WORK TASK:
Images should be omitted while the rest of the data is duplicated exactly.

───── RAW DATA

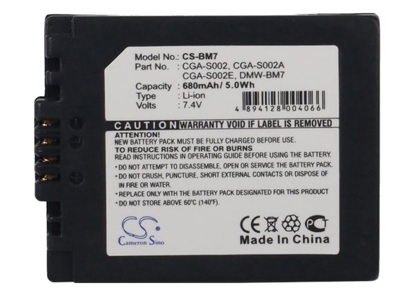 Batteri til kamera for Panasonic Lumix DMC-F7-B, Lumix DMC-F7-N, Lumix DMC-F7PP og andre.
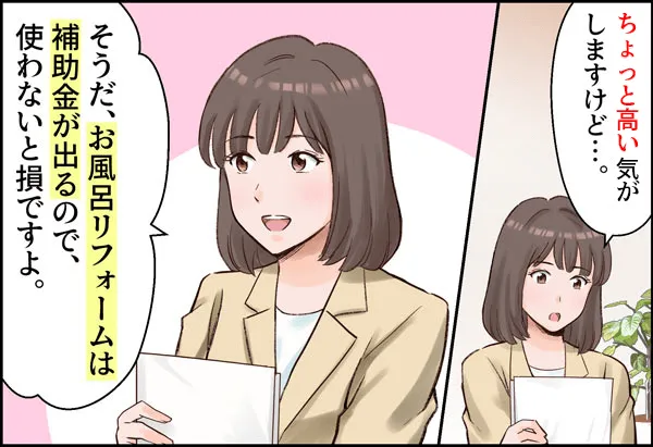 お風呂のリフォームに、補助金がもらえることを教えてくれました。
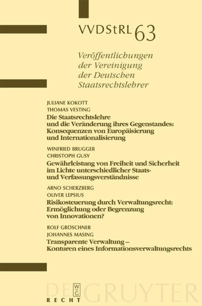 April 2004, ca. 564 Seiten, Veröffentlichungen der Vereinigung der Deutschen Staatsrechtslehrer, Bd. 63, Deutsch

──────────

YOUR RESPONSE:
 Batteri til kamera for Panasonic Lumix DMC-F7-B, Lumix DMC-F7-N, Lumix DMC-F7PP og andre.
 お風呂のリフォームに、補助金がもらえることを教えてくれました。
 April 2004, ca. 564 Seiten, Veröffentlichungen der Vereinigung der Deutschen Staatsrechtslehrer, Bd. 63, Deutsch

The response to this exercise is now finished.